## What is needed
From the listing below, output the lines between the one with "Boot Tab এর অন্তর্ভুক্ত ক্লিক Secure Boot" and the one with "14k White Gold", including those two, and nothing else. Pictures are not copied.

## Supplied material
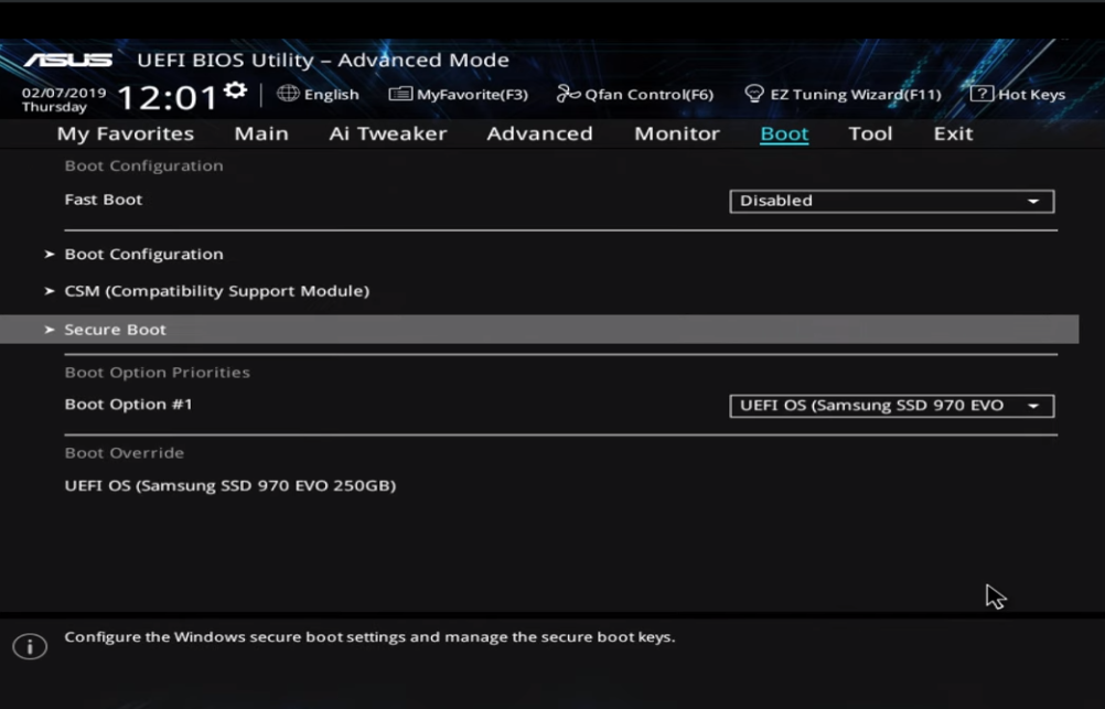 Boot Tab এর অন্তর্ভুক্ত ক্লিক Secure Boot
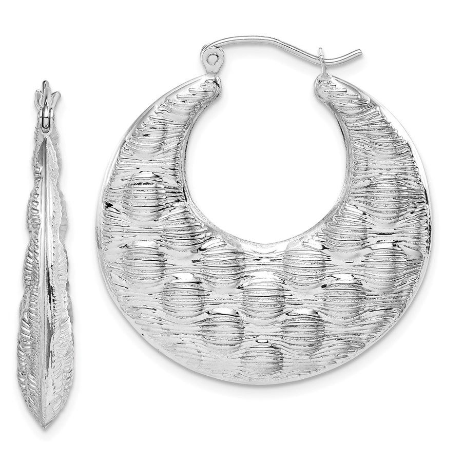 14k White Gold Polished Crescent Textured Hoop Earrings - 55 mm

==

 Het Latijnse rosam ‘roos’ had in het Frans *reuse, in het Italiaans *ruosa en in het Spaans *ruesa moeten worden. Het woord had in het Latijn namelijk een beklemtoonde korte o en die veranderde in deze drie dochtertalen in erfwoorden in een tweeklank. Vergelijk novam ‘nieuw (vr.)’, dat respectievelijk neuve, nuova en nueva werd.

## Expected answer
 Boot Tab এর অন্তর্ভুক্ত ক্লিক Secure Boot
 14k White Gold Polished Crescent Textured Hoop Earrings - 55 mm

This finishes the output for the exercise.